* [What is required]:
From the line containing "3680W akım korumalı" to the line containing "スタッフ達は保護した子猫に『" in the entries below, reproduce every line exactly, ends included. Nothing else belongs in the copy, and no pictures.

* [Data]:
★ ★ ★

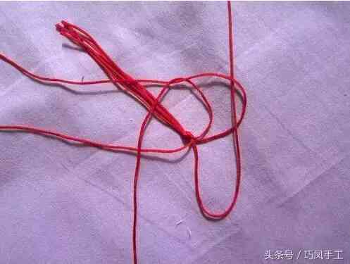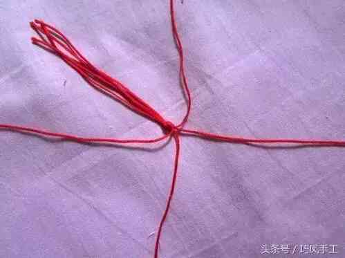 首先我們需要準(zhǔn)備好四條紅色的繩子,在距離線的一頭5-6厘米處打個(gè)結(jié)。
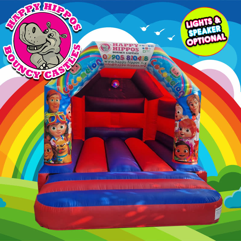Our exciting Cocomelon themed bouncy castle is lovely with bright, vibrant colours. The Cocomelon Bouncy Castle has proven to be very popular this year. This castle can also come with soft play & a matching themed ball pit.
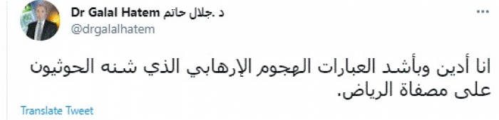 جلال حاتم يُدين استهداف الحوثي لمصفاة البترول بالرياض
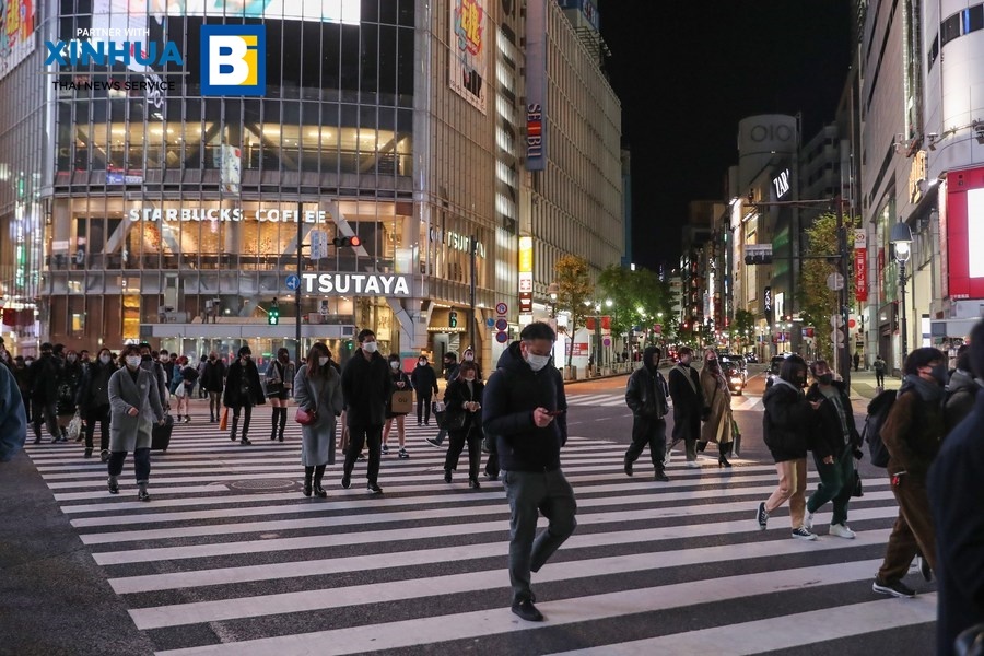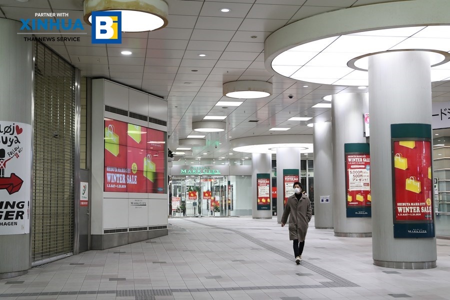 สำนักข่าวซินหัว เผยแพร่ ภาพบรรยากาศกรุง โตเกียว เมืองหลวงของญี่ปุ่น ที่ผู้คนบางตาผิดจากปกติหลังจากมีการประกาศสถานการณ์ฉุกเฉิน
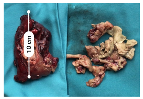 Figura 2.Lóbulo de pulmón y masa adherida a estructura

★ ★ ★

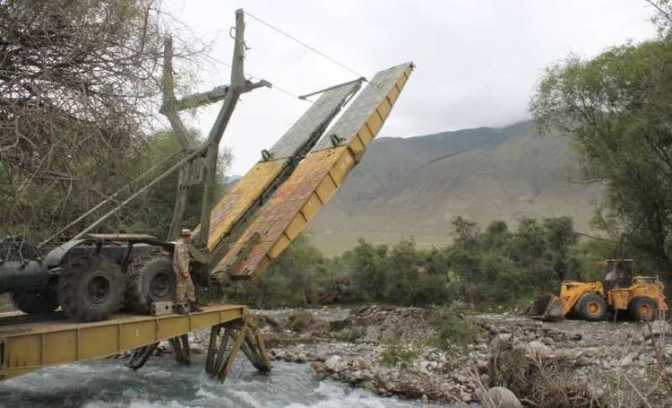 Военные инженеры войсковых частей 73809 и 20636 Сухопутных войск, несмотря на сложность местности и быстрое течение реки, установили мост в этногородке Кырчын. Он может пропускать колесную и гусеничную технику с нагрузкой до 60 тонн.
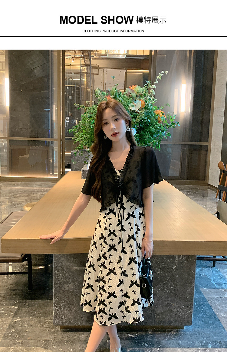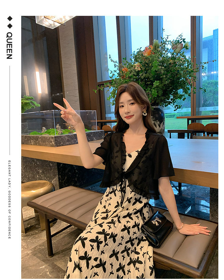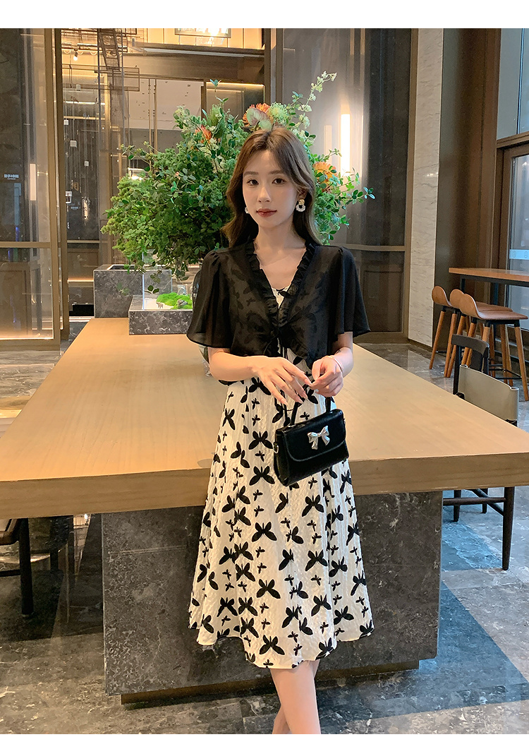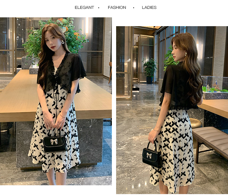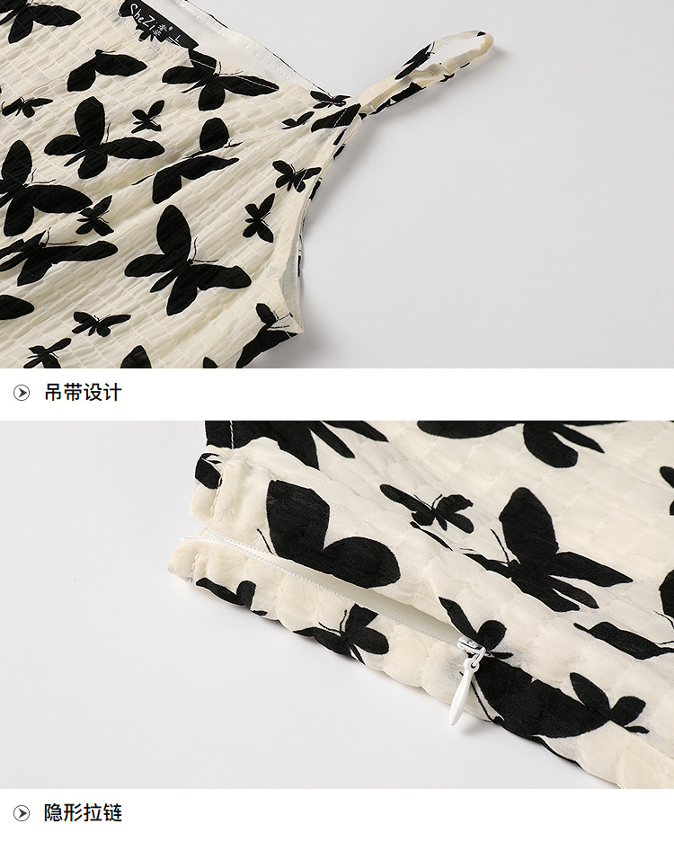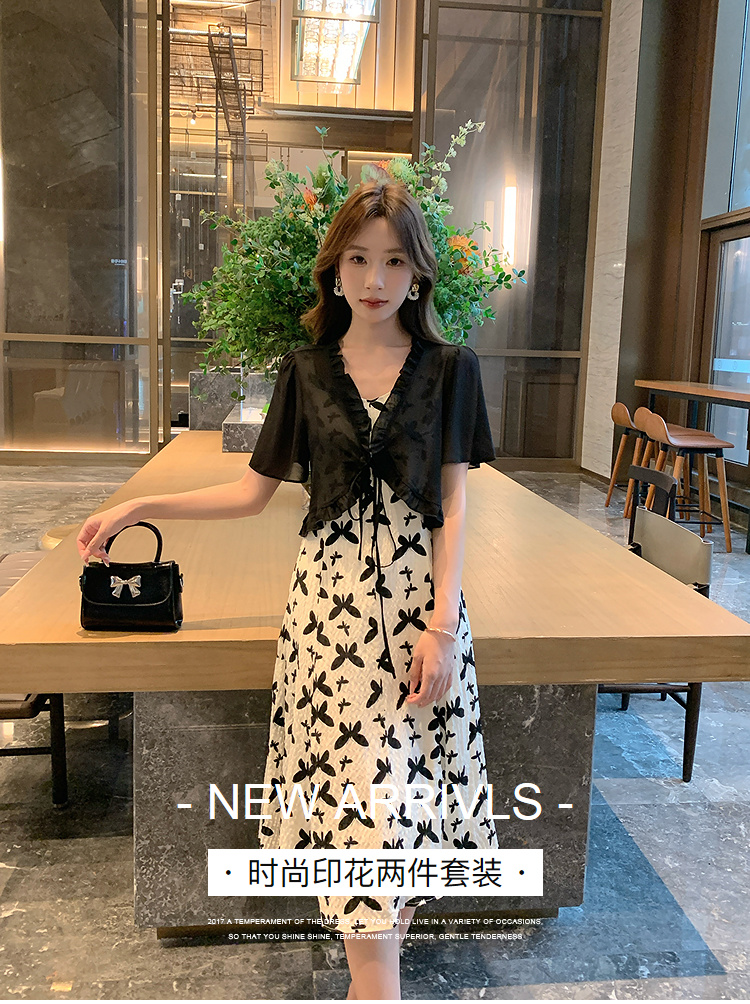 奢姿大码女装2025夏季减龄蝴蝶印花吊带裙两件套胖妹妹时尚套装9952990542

★ ★ ★

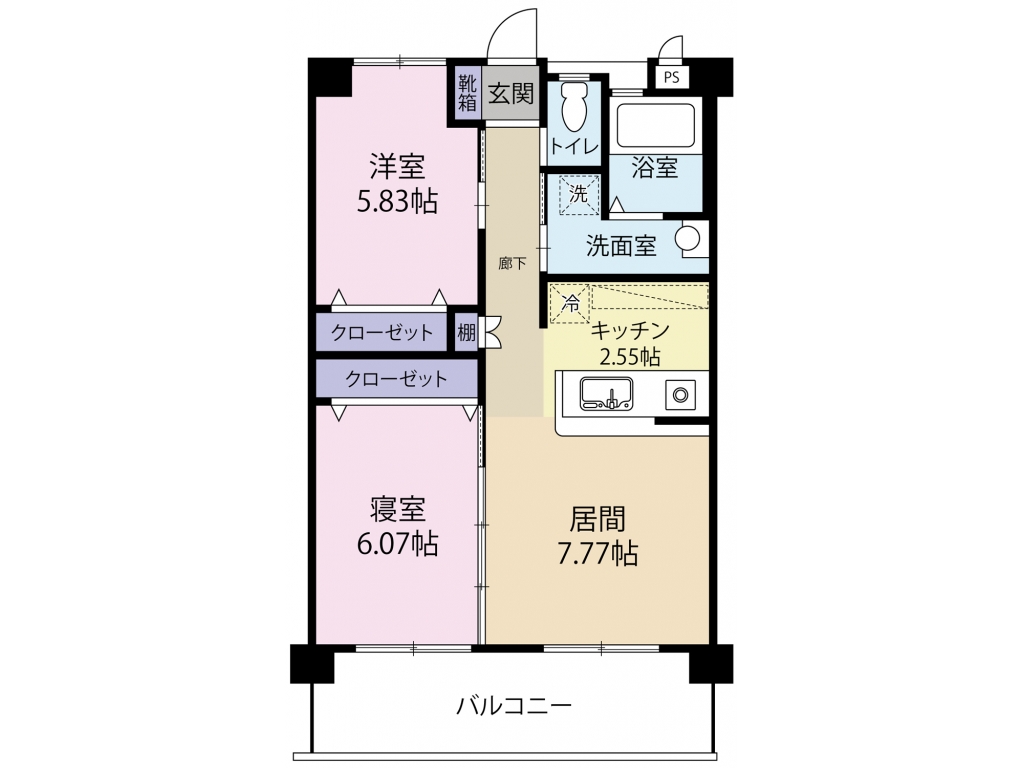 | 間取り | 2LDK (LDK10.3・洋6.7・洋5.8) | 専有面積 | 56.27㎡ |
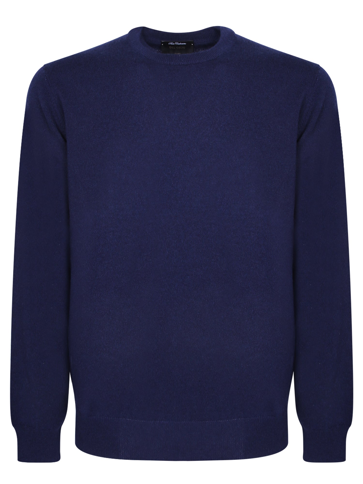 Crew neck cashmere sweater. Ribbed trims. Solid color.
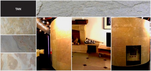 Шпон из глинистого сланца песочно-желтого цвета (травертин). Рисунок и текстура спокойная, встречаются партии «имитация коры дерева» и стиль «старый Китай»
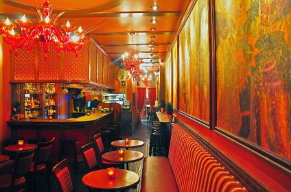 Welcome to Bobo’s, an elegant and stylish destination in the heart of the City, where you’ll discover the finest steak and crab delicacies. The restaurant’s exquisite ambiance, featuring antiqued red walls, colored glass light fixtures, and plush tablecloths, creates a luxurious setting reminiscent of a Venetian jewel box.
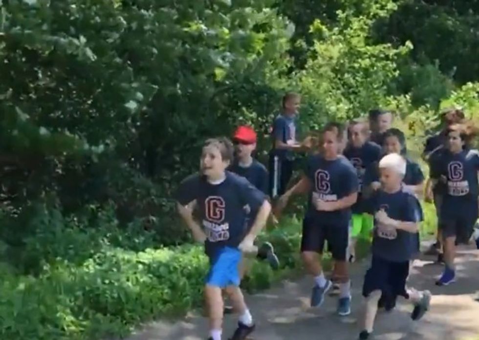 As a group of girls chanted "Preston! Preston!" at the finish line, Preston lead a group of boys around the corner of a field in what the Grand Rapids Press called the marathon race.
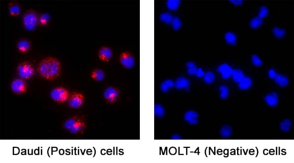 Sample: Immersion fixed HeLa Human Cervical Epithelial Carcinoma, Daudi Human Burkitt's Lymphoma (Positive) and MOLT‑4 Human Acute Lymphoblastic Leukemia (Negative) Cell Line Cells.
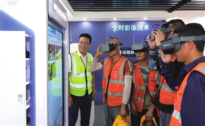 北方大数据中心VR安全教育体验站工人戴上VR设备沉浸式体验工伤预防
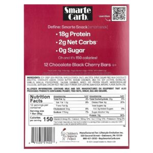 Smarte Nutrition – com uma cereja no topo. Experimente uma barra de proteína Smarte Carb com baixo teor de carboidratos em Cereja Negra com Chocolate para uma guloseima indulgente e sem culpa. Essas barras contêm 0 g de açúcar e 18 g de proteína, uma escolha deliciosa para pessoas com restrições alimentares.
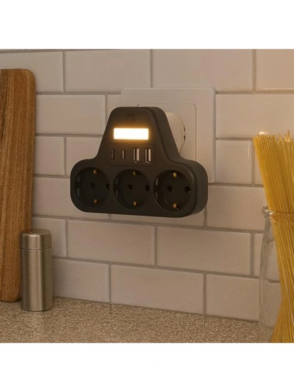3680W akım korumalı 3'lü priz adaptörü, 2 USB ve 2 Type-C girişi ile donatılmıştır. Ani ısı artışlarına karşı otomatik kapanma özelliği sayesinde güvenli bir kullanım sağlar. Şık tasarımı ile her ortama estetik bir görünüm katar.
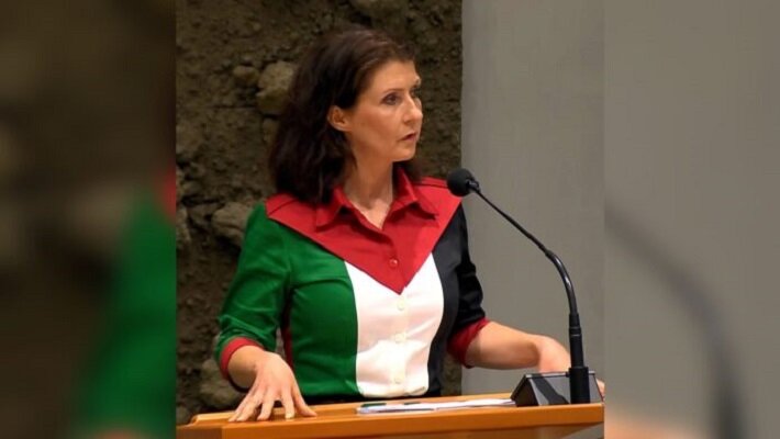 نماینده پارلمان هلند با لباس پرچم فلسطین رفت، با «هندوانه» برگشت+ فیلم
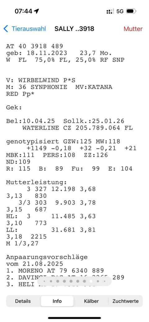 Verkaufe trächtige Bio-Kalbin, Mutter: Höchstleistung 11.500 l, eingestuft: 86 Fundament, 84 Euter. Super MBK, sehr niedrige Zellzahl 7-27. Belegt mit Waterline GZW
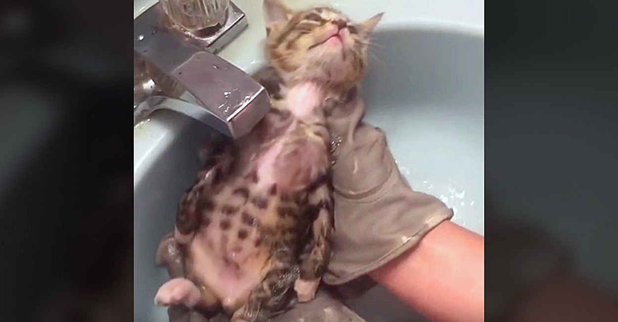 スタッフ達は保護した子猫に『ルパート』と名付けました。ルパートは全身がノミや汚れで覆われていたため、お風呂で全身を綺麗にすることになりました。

★ ★ ★

* [Response box]:
3680W akım korumalı 3'lü priz adaptörü, 2 USB ve 2 Type-C girişi ile donatılmıştır. Ani ısı artışlarına karşı otomatik kapanma özelliği sayesinde güvenli bir kullanım sağlar. Şık tasarımı ile her ortama estetik bir görünüm katar.
 نماینده پارلمان هلند با لباس پرچم فلسطین رفت، با «هندوانه» برگشت+ فیلم
 Verkaufe trächtige Bio-Kalbin, Mutter: Höchstleistung 11.500 l, eingestuft: 86 Fundament, 84 Euter. Super MBK, sehr niedrige Zellzahl 7-27. Belegt mit Waterline GZW
 スタッフ達は保護した子猫に『ルパート』と名付けました。ルパートは全身がノミや汚れで覆われていたため、お風呂で全身を綺麗にすることになりました。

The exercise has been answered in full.